Cambridge Encyclopedia :: Cambridge Encyclopedia Vol. 39

Jean Sylvain Bailly - Biography

Astronomer and politician, born in Paris, France. He studied Halley's comet and the satellites of Jupiter, later writing his great Histoire de l'astronomie (1775–87). As president of the National Assembly and Mayor of Paris (1789–91) during the Revolution in 1789, he conducted himself with great integrity, but lost his popularity by allowing the National Guard to fire on anti-royalist crowds.
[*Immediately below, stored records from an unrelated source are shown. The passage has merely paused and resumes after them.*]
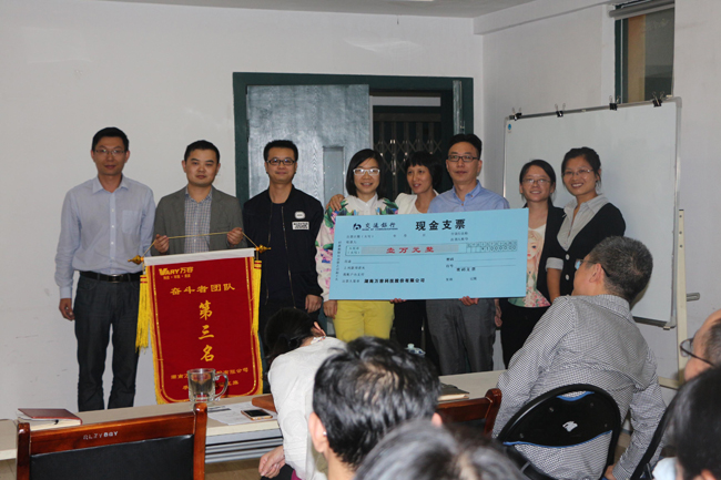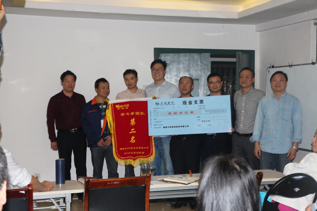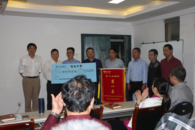 副总经理罗萍为伍亦雄、何钊颁发三季度“奋斗者标兵”奖杯及5万元现金支票
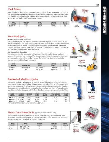 to perform a variety of repairs. Manually raised by hand pump lever. Removable handle and
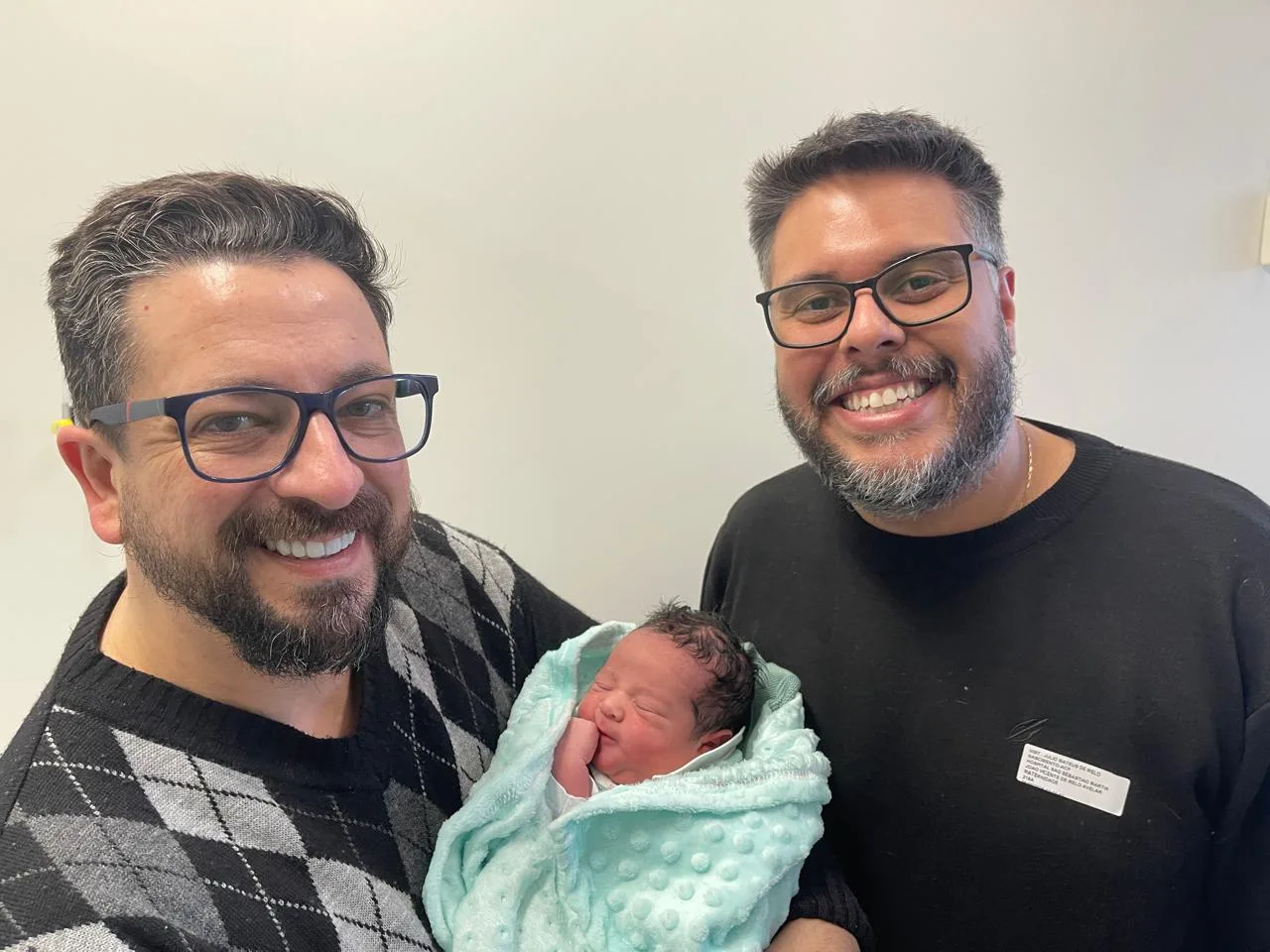 O pequeno (na verdade nem tão pequeno assim) nasceu com 50 centímetros e 3,405 quilos, de cesariana, a qual foi submetida Sandriele da Silva Soares, 36 anos, a mulher que ‘doou’ o útero para realizar o sonho dos amigos Édson Miguel de Barros Avelar, 40 anos, e Júlio Mateus de Melo Nascimento, 37, o casal que decidiu ter um filho por meio de gestação de substituição ou cessão temporária do útero, como também é conhecida a barriga solidária. Essa história a Folha do Mate contou em primeira mão, em fevereiro de 2025, quando a gestação tinha cerca de dois meses.
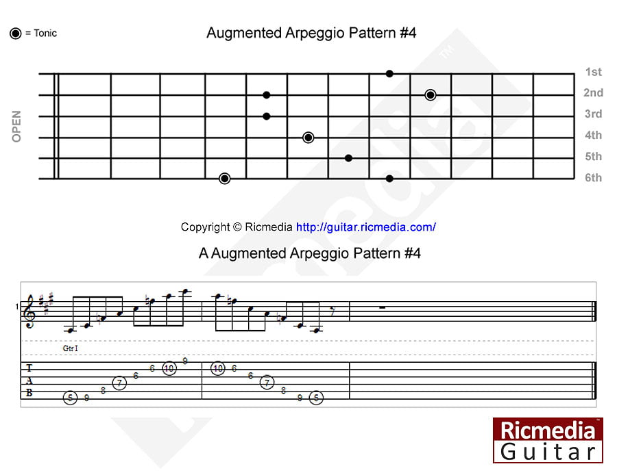 A Augmented arpeggio pattern #4 https://www.ricguitar.com/wp-content/uploads/augmented-arpeggio/a-augmented-arpeggio-pattern-4.mp3
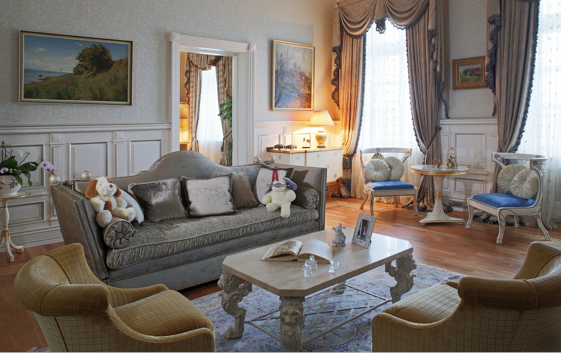 Зона гостиной на детской половине. Детский этаж выполнен в эклектичной итало-французской классике.
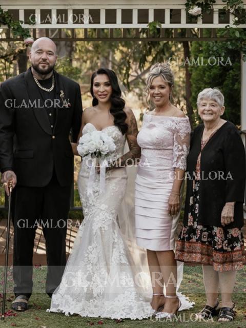 This mother of the bride dress features a sheath silhouette with an off-the-shoulder neckline and 3/4 sleeves. It is adorned with appliques lace and crafted from satin, with a knee-length design for a sophisticated and elegant look.

He withdrew from public affairs but was guillotined.

Jean-Sylvain Bailly (September 15, 1736–November 12, 1793) was a French astronomer and orator, one of the leaders of the early part of the French Revolution.

Biography

Born at Paris, he was originally intended for the profession of a painter, but preferred writing tragedies, until attracted to science by the influence of Nicolas de Lacaille. His Essai sur la theorie des satellites de Jupiter (Essay on the theory of the satellites of Jupiter, 1766), an expansion of a memoir presented to the Academy in 1763, showed much original power; and it was followed up in 1771 by a noteworthy dissertation Sur les inegalites de la lumiere des satellites de Jupiter (On the inequalities of light of the satellites of Jupiter). he was admitted to the Académie française on February 26, 1784, and to the Académie des Inscriptions in 1785, when Bernard le Bovier de Fontenelle's simultaneous membership of all three Academies was renewed in him. From then on, he devoted himself to the history of science, publishing successively: Histoire de l'astronomie ancienne (A history of ancient astronomy, 1775); Histoire de l'astronomie moderne (A history of modern astronomy, 3 vols., 1779-1782); and Traite de l'astronomie indienne et orientale (A treatise on Indian and Oriental astronomy, 1787). Elected deputy from Paris to the Estates-General, he was elected president of the Third Estate (May 5, 1789), led the famous proceedings in the Tennis Court(June 20), and - immediately after the storming of the Bastille - became the first mayor of Paris under the newly adopted system of the Commune (July 15, 1789 to November 16, 1791). The dispersal by the National Guard, under his orders, of the riotous assembly in the Champ de Mars (July 17, 1791) made him unpopular, and he retired to Nantes, where he composed his Mémoires d'un témoin (published in 3 vols. Late in 1793, Bailly quitted Nantes to join his friend Pierre Simon Laplace at Melun, but was there recognized, arrested and brought (November 10) before the Revolutionary Tribunal at Paris.